Extracted data:
________

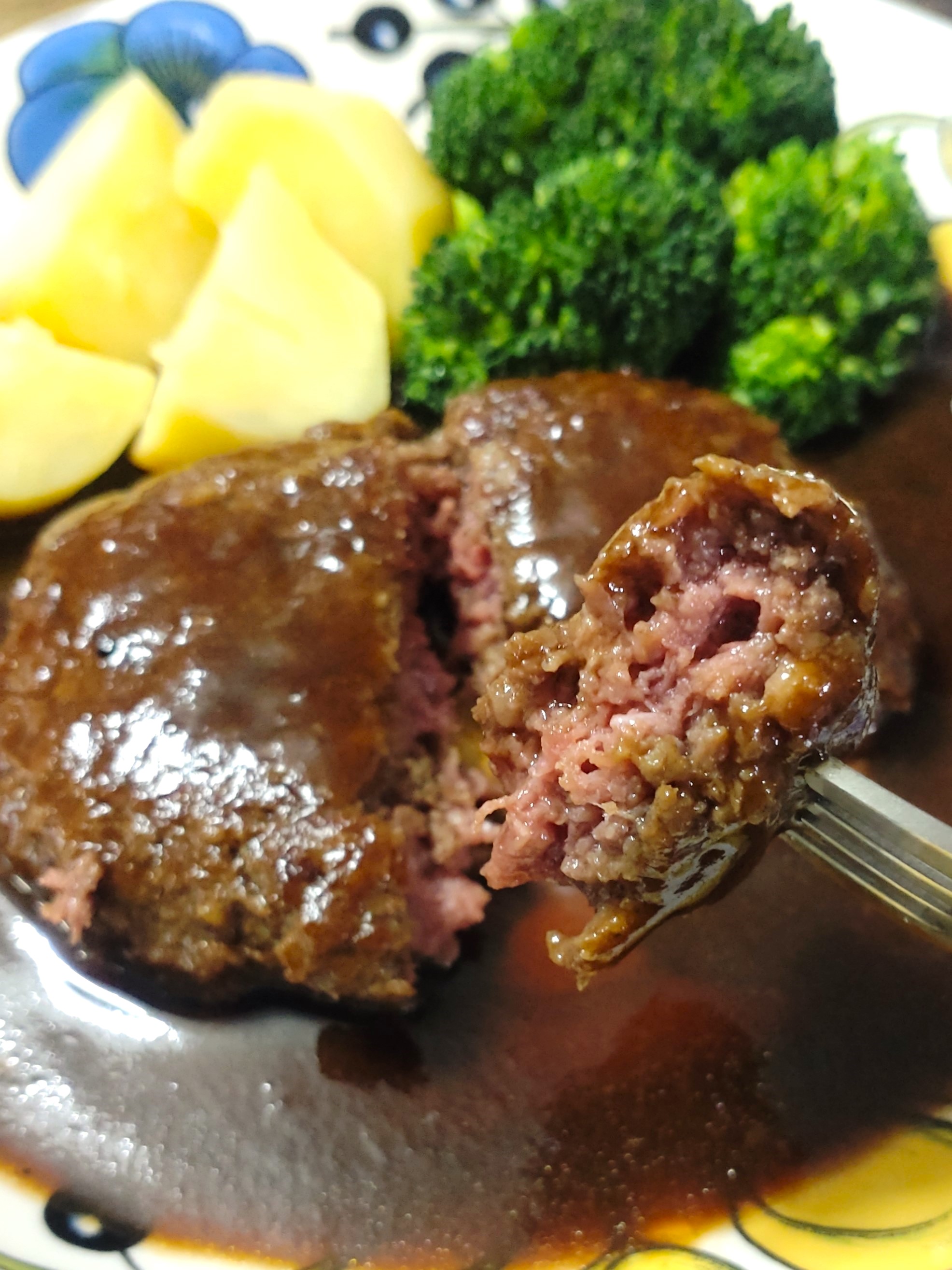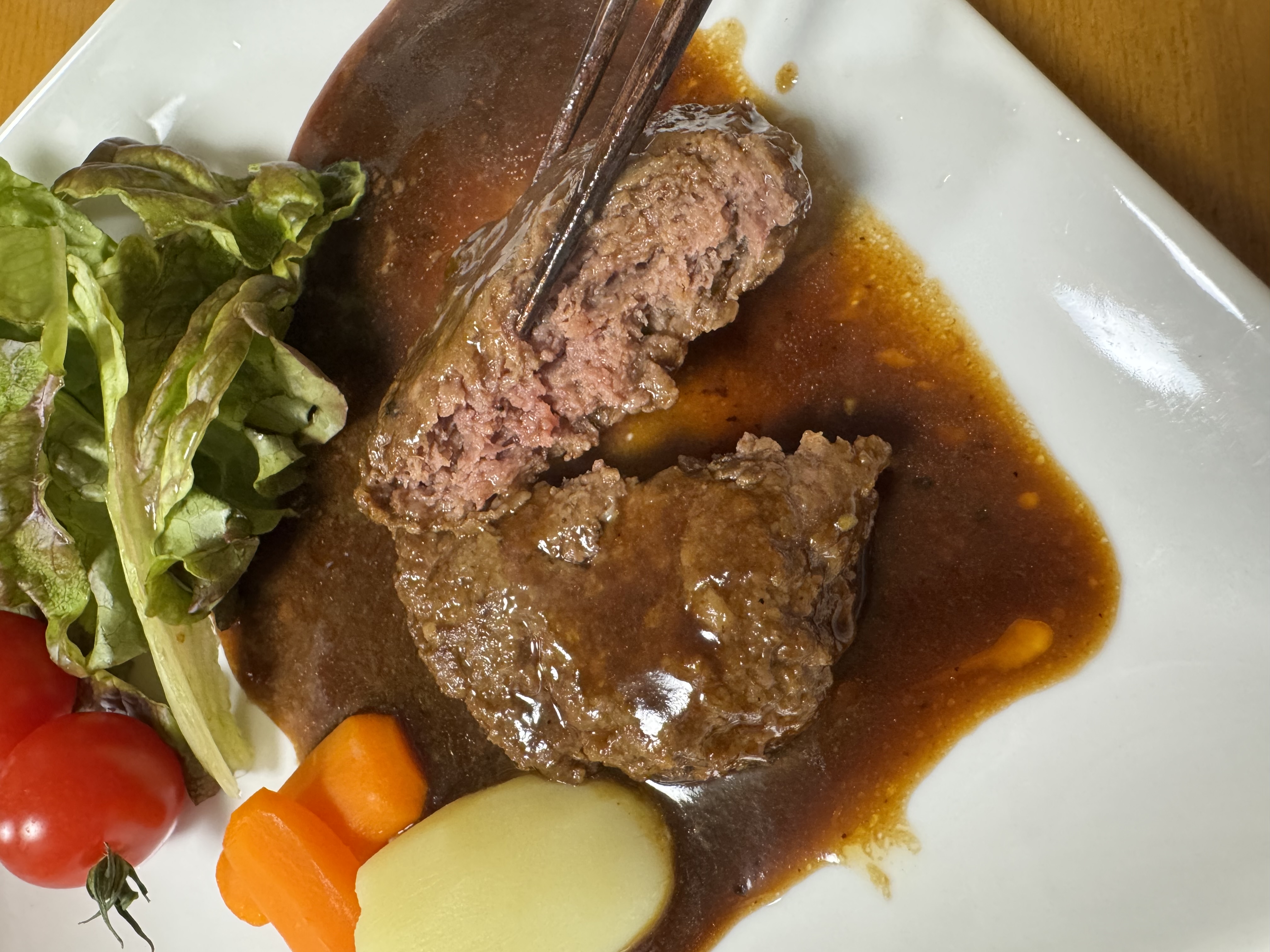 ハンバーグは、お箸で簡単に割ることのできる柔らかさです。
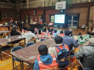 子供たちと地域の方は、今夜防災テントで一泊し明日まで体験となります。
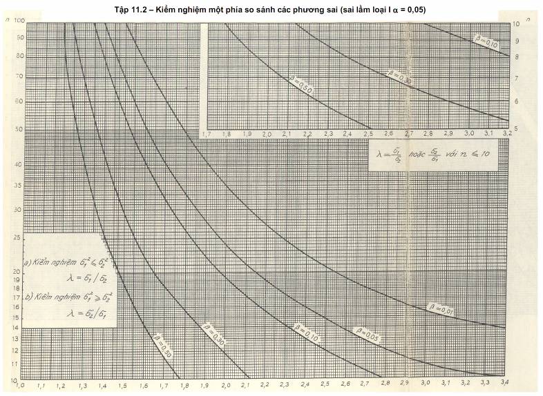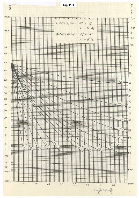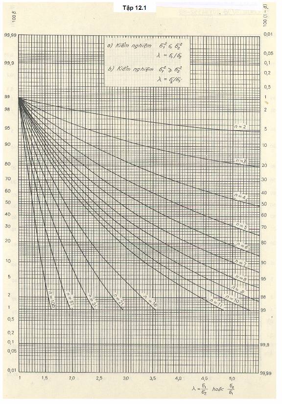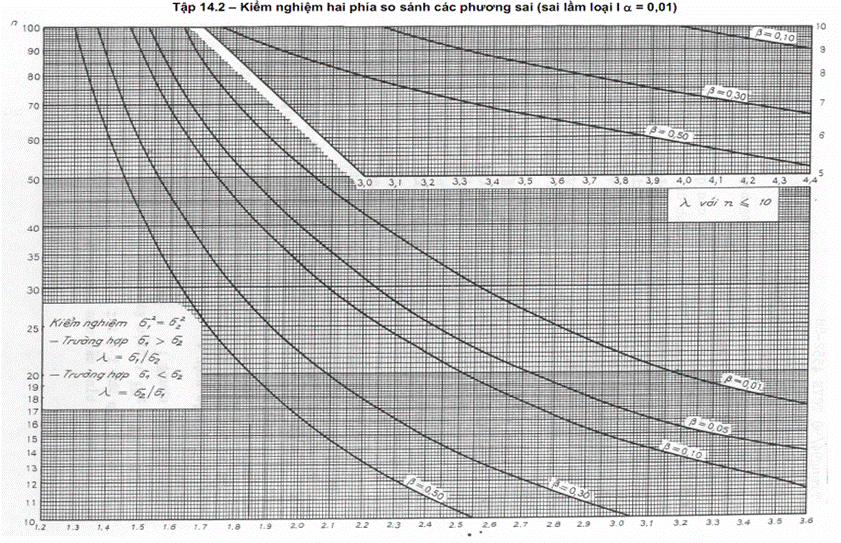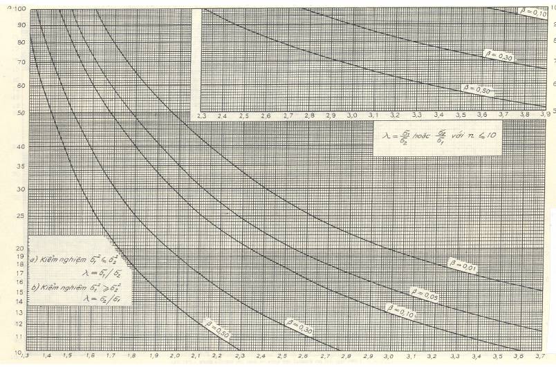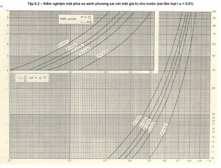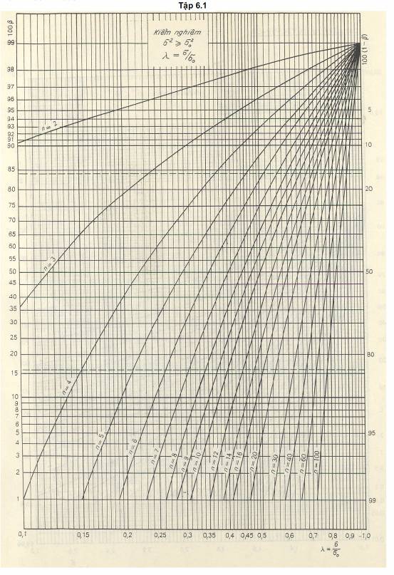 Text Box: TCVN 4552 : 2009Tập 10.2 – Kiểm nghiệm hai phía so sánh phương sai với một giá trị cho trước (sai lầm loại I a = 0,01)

________

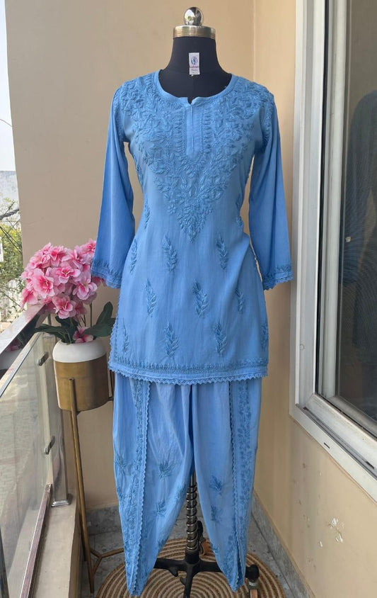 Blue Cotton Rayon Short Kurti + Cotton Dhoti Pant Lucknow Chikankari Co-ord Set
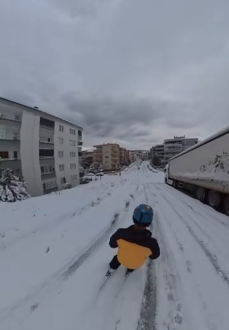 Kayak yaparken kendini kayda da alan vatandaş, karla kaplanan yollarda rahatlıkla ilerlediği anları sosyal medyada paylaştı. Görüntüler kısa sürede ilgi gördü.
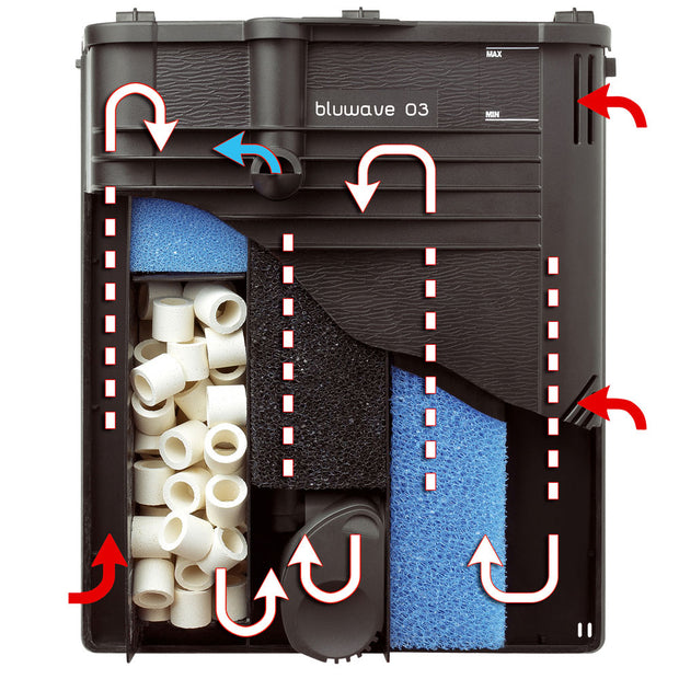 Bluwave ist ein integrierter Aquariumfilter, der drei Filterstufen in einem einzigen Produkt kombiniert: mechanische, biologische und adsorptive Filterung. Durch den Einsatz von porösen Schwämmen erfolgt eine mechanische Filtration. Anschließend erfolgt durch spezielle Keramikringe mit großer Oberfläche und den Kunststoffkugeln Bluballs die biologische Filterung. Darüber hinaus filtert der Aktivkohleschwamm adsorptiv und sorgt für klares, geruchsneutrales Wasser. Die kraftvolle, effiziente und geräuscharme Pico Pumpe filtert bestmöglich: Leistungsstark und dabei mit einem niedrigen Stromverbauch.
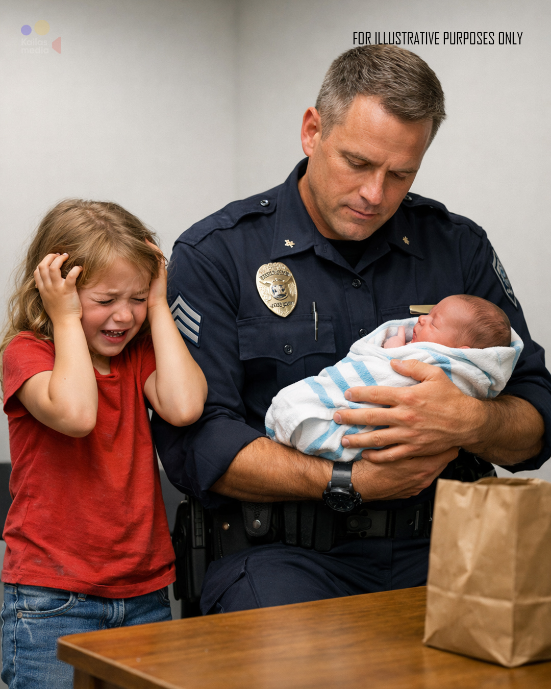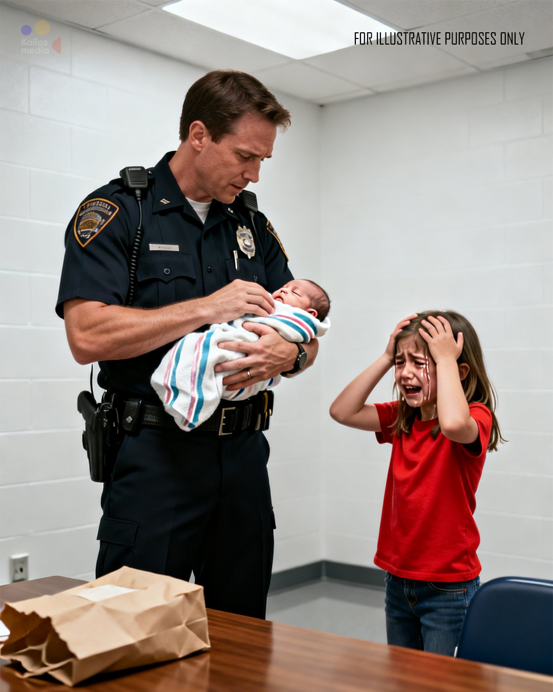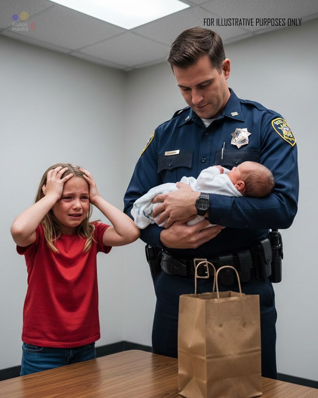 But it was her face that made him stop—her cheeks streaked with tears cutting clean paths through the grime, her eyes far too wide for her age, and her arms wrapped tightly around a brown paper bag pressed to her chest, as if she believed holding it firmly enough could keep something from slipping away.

________

About this exercise: Find the line with "ハンバーグは、お箸で簡単に割ることのできる柔らかさです。" in the data above, and from there retype each line exactly through the line with "Text Box: TCVN", skipping the pictures along the way.

Solution:
 ハンバーグは、お箸で簡単に割ることのできる柔らかさです。
 子供たちと地域の方は、今夜防災テントで一泊し明日まで体験となります。
 Text Box: TCVN 4552 : 2009Tập 10.2 – Kiểm nghiệm hai phía so sánh phương sai với một giá trị cho trước (sai lầm loại I a = 0,01)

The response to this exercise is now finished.